🤖 AI Summary
This work addresses the challenges of solving large-scale combinatorial optimization problems under uncertainty, where exact solutions are intractable and existing imitation learning approaches lack a unified framework for modeling expert policies. The paper introduces the first three-dimensional taxonomy for characterizing expert strategies in combinatorial optimization and develops a generalized DAgger framework that supports multi-expert aggregation and interactive learning. By integrating sequential decision modeling, stochastic optimization, and an enhanced imitation learning mechanism, the method flexibly accommodates two-stage or multi-stage stochastic experts. Empirical results on a dynamic physician–patient assignment task demonstrate that policies learned from stochastic experts significantly outperform deterministic or full-information baselines; interactive learning achieves higher solution quality with fewer demonstrations, while aggregating deterministic experts yields superior performance under computational constraints.
📝 Abstract
Imitation learning (IL) provides a data-driven framework for approximating policies for large-scale combinatorial optimisation problems formulated as sequential decision problems (SDPs), where exact solution methods are computationally intractable. A central but underexplored aspect of IL in this context is the role of the \emph{expert} that generates training demonstrations. Existing studies employ a wide range of expert constructions, yet lack a unifying framework to characterise their modelling assumptions, computational properties, and impact on learning performance. This paper introduces a systematic taxonomy of experts for IL in combinatorial optimisation under uncertainty.
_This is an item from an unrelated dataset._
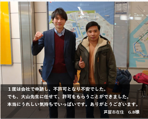 日本で働くことが夢でしたので、1度目の申請で許可をスムーズにとってくださって嬉しいです。
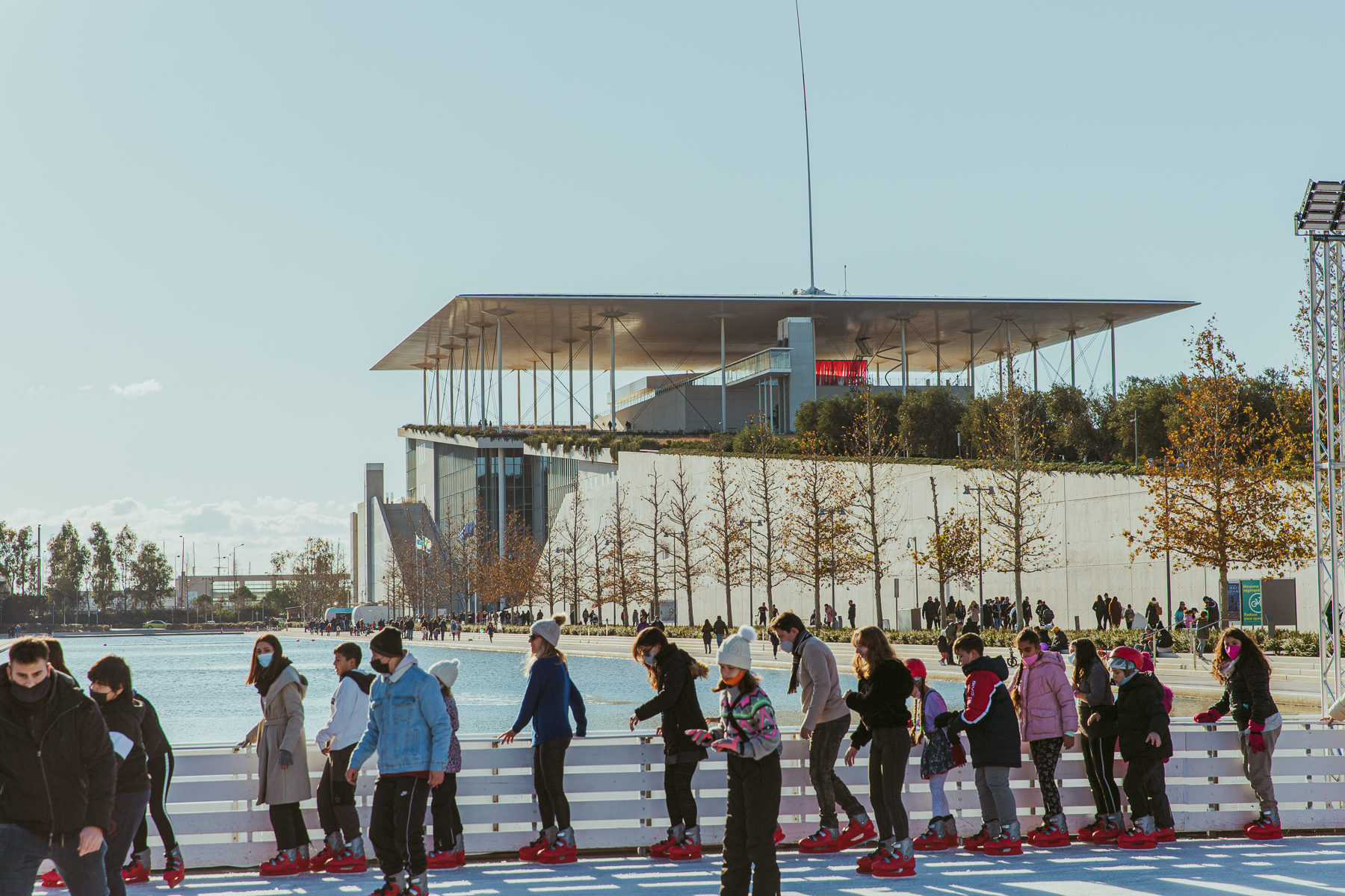 Το Παγοδρόμιο λειτουργεί καθημερινά από την 01/12/22 μέχρι τις 31/01/23 από τις 10.00 το πρωί μέχρι τις 22.00 το βράδυ, εφόσον το επιτρέπουν οι καιρικές συνθήκες. Η είσοδος στο Παγοδρόμιο είναι ελεύθερη με ηλεκτρονική προεγγραφή στο SNFCC.org/Icerink2022.

Experts are classified along three dimensions: (i) their treatment of uncertainty, including myopic, deterministic, full-information, two-stage stochastic, and multi-stage stochastic formulations; (ii) their level of optimality, distinguishing task-optimal and approximate experts; and (iii) their interaction mode with the learner, ranging from one-shot supervision to iterative, interactive schemes. Building on this taxonomy, we propose a generalised Dataset Aggregation (DAgger) algorithm that supports multiple expert queries, expert aggregation, and flexible interaction strategies. The proposed framework is evaluated on a dynamic physician-to-patient assignment problem with stochastic arrivals and capacity constraints. Computational experiments compare learning outcomes across expert types and interaction regimes. The results show that policies learned from stochastic experts consistently outperform those learned from deterministic or full-information experts, while interactive learning improves solution quality using fewer expert demonstrations. Aggregated deterministic experts provide an effective alternative when stochastic optimisation becomes computationally challenging.